INPUT RECORDS —

________________________

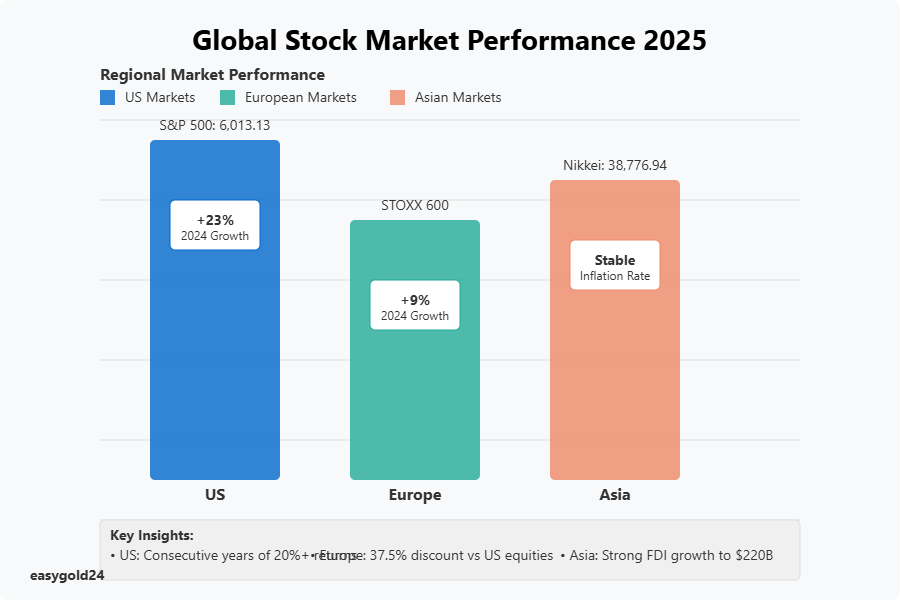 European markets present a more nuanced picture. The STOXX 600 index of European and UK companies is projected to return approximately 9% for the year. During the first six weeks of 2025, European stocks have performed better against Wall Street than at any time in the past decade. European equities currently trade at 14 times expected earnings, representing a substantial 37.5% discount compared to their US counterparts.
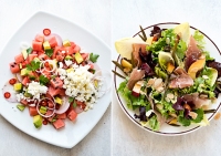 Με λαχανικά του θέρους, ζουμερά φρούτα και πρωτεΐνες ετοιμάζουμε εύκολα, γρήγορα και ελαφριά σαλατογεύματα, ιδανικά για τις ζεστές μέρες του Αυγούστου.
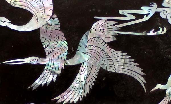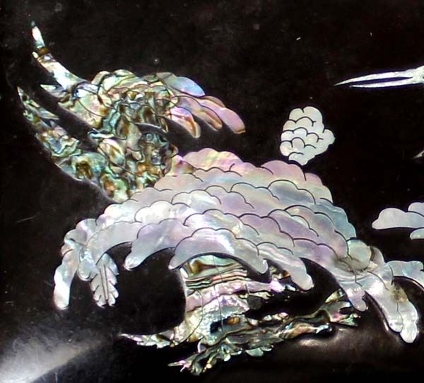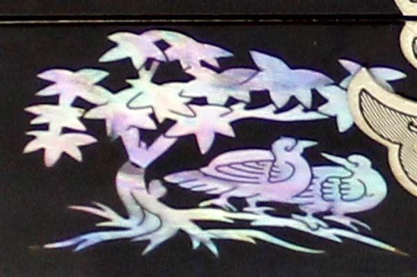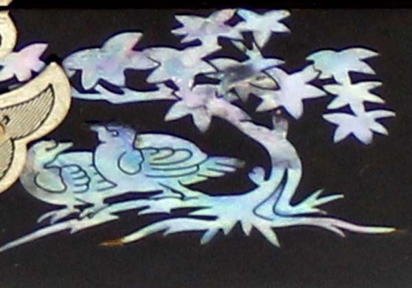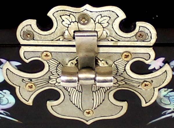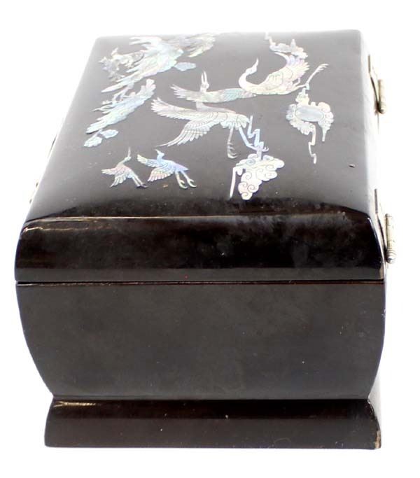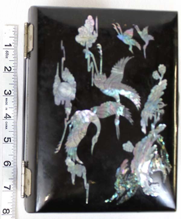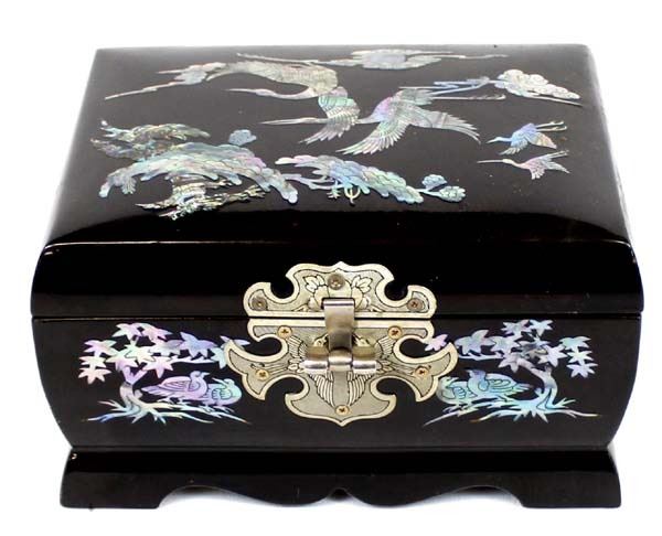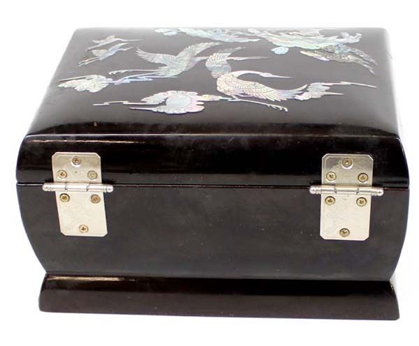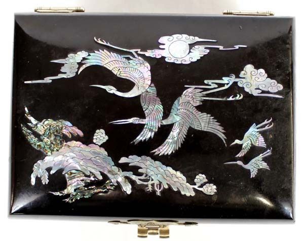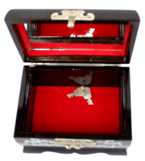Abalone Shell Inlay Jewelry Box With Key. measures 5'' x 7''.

________________________

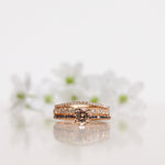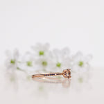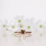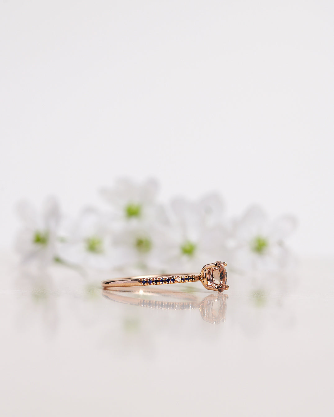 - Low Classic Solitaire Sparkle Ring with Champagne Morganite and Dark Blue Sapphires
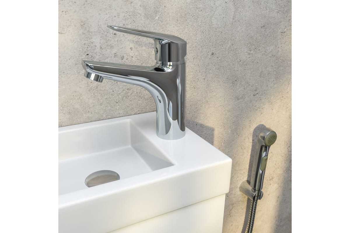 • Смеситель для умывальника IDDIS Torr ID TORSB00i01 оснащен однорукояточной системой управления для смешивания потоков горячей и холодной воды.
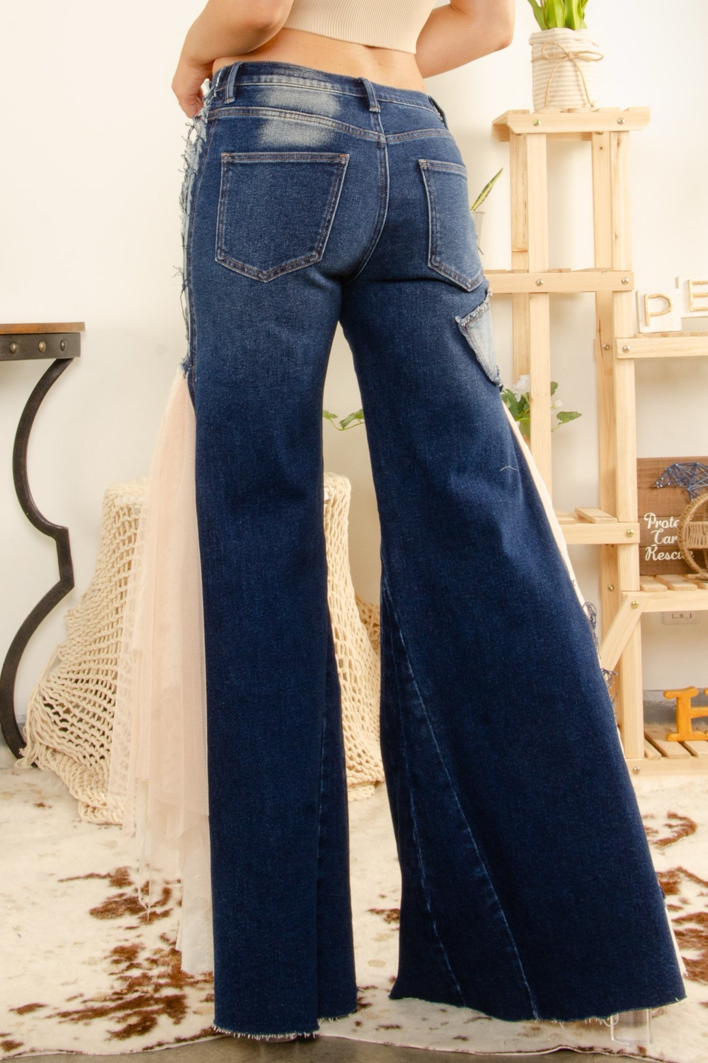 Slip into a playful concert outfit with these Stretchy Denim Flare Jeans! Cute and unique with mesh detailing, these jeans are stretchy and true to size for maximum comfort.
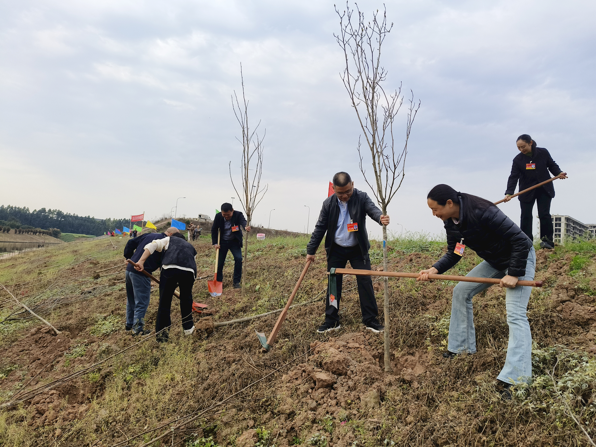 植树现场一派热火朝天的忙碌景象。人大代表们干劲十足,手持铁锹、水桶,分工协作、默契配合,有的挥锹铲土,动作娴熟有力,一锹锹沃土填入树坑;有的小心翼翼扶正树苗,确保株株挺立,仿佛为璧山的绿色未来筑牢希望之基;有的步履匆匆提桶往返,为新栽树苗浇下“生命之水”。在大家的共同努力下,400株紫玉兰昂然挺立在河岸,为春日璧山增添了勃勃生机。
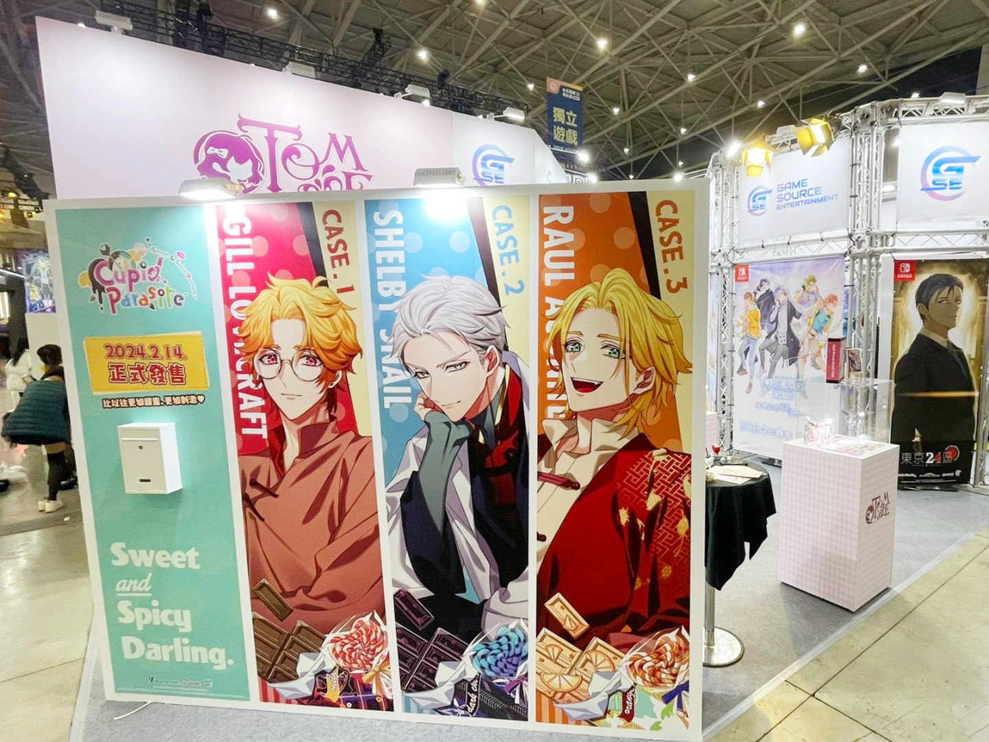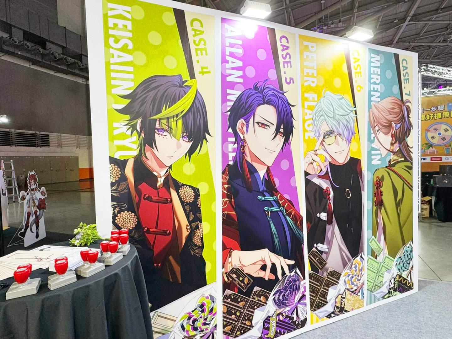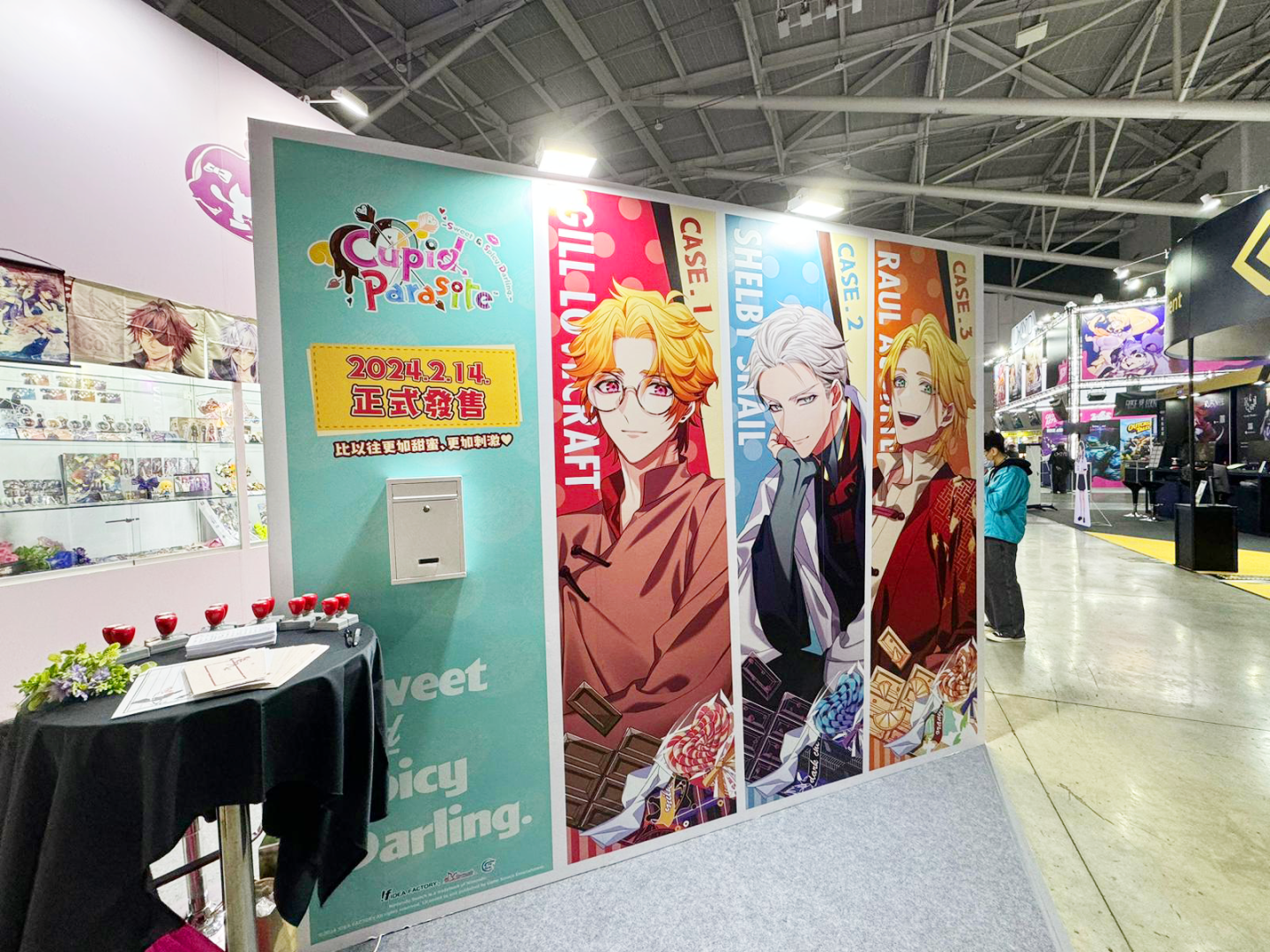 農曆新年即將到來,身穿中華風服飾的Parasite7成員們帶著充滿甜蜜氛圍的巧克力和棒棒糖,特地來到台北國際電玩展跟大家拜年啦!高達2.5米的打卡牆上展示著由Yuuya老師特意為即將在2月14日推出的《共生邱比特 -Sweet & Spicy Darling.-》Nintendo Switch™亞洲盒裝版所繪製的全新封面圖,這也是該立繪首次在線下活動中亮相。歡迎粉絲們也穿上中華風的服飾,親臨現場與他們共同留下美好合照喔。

________________________

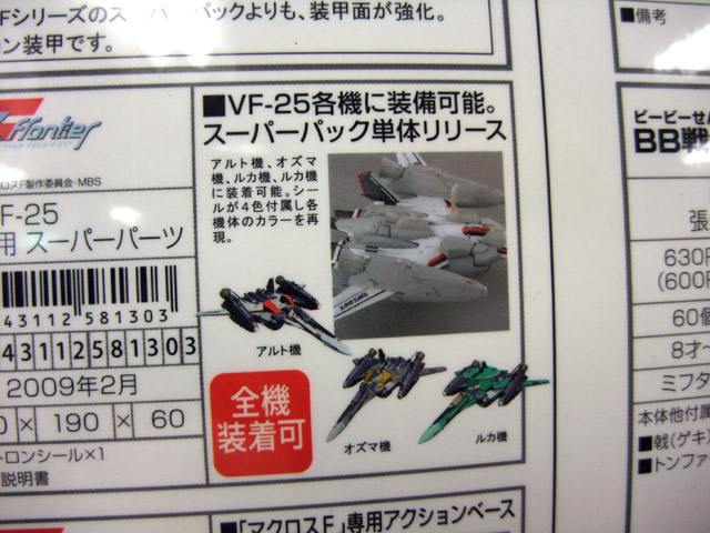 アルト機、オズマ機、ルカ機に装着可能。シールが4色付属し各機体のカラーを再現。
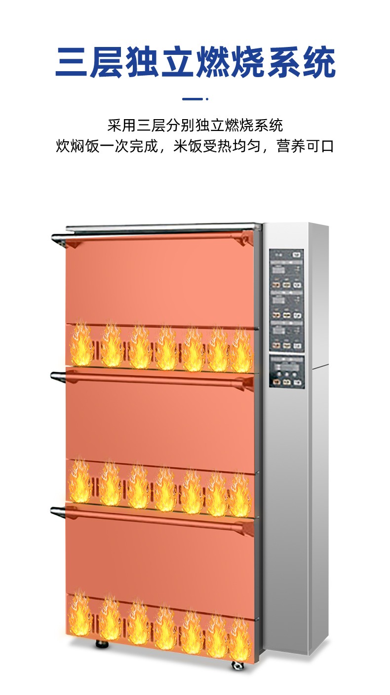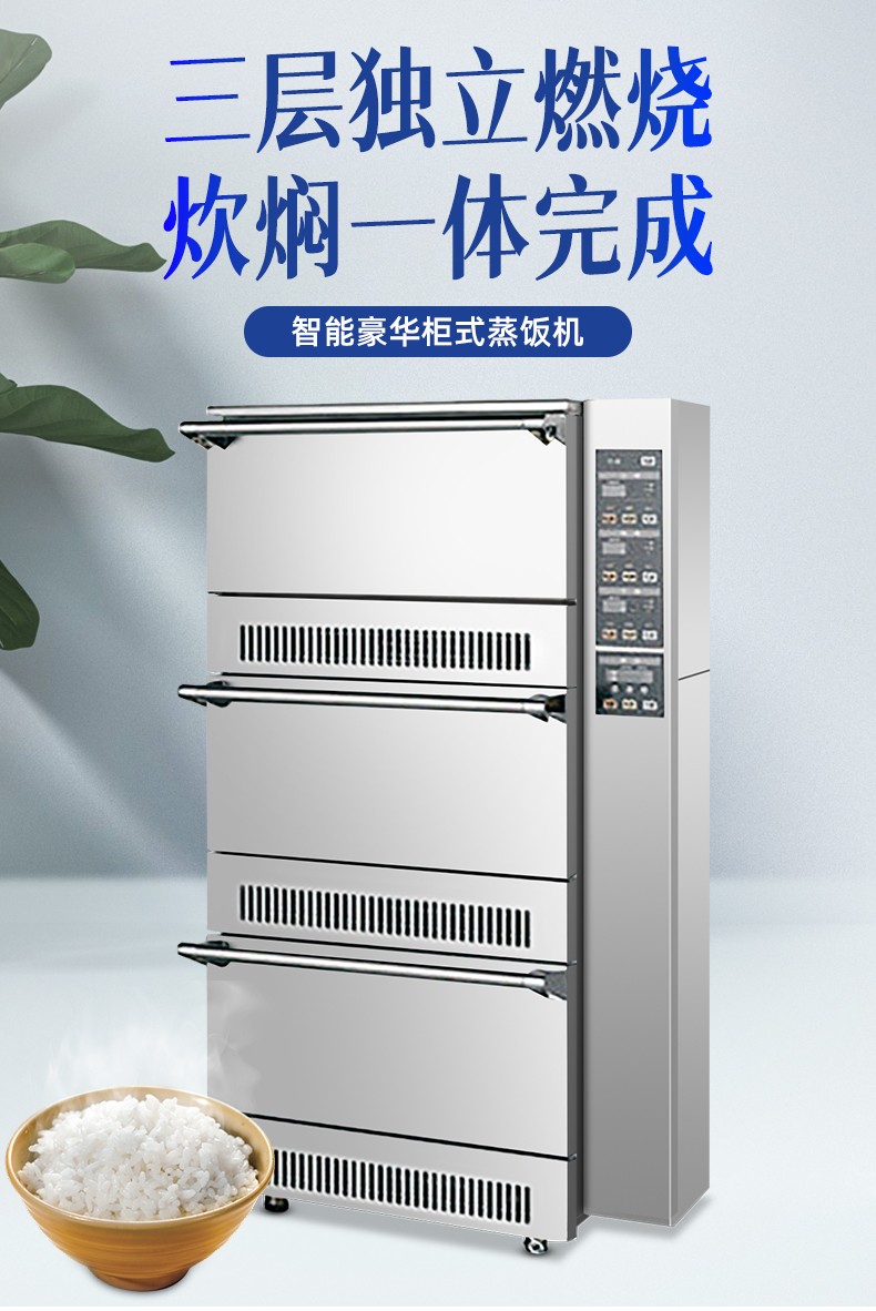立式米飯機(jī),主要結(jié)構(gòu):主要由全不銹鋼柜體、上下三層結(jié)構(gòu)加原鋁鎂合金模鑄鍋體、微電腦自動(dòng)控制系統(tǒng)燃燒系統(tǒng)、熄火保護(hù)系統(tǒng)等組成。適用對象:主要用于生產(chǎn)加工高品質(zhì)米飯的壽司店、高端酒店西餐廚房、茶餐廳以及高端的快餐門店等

________________________

REQUIRED WORK — Return the lines above from the one with "и холодной воды." through the one with "-Sweet & Spicy", verbatim and nothing else. Omit every picture.

EXPECTED OUTPUT —
 • Смеситель для умывальника IDDIS Torr ID TORSB00i01 оснащен однорукояточной системой управления для смешивания потоков горячей и холодной воды.
 Slip into a playful concert outfit with these Stretchy Denim Flare Jeans! Cute and unique with mesh detailing, these jeans are stretchy and true to size for maximum comfort.
 植树现场一派热火朝天的忙碌景象。人大代表们干劲十足,手持铁锹、水桶,分工协作、默契配合,有的挥锹铲土,动作娴熟有力,一锹锹沃土填入树坑;有的小心翼翼扶正树苗,确保株株挺立,仿佛为璧山的绿色未来筑牢希望之基;有的步履匆匆提桶往返,为新栽树苗浇下“生命之水”。在大家的共同努力下,400株紫玉兰昂然挺立在河岸,为春日璧山增添了勃勃生机。
 農曆新年即將到來,身穿中華風服飾的Parasite7成員們帶著充滿甜蜜氛圍的巧克力和棒棒糖,特地來到台北國際電玩展跟大家拜年啦!高達2.5米的打卡牆上展示著由Yuuya老師特意為即將在2月14日推出的《共生邱比特 -Sweet & Spicy Darling.-》Nintendo Switch™亞洲盒裝版所繪製的全新封面圖,這也是該立繪首次在線下活動中亮相。歡迎粉絲們也穿上中華風的服飾,親臨現場與他們共同留下美好合照喔。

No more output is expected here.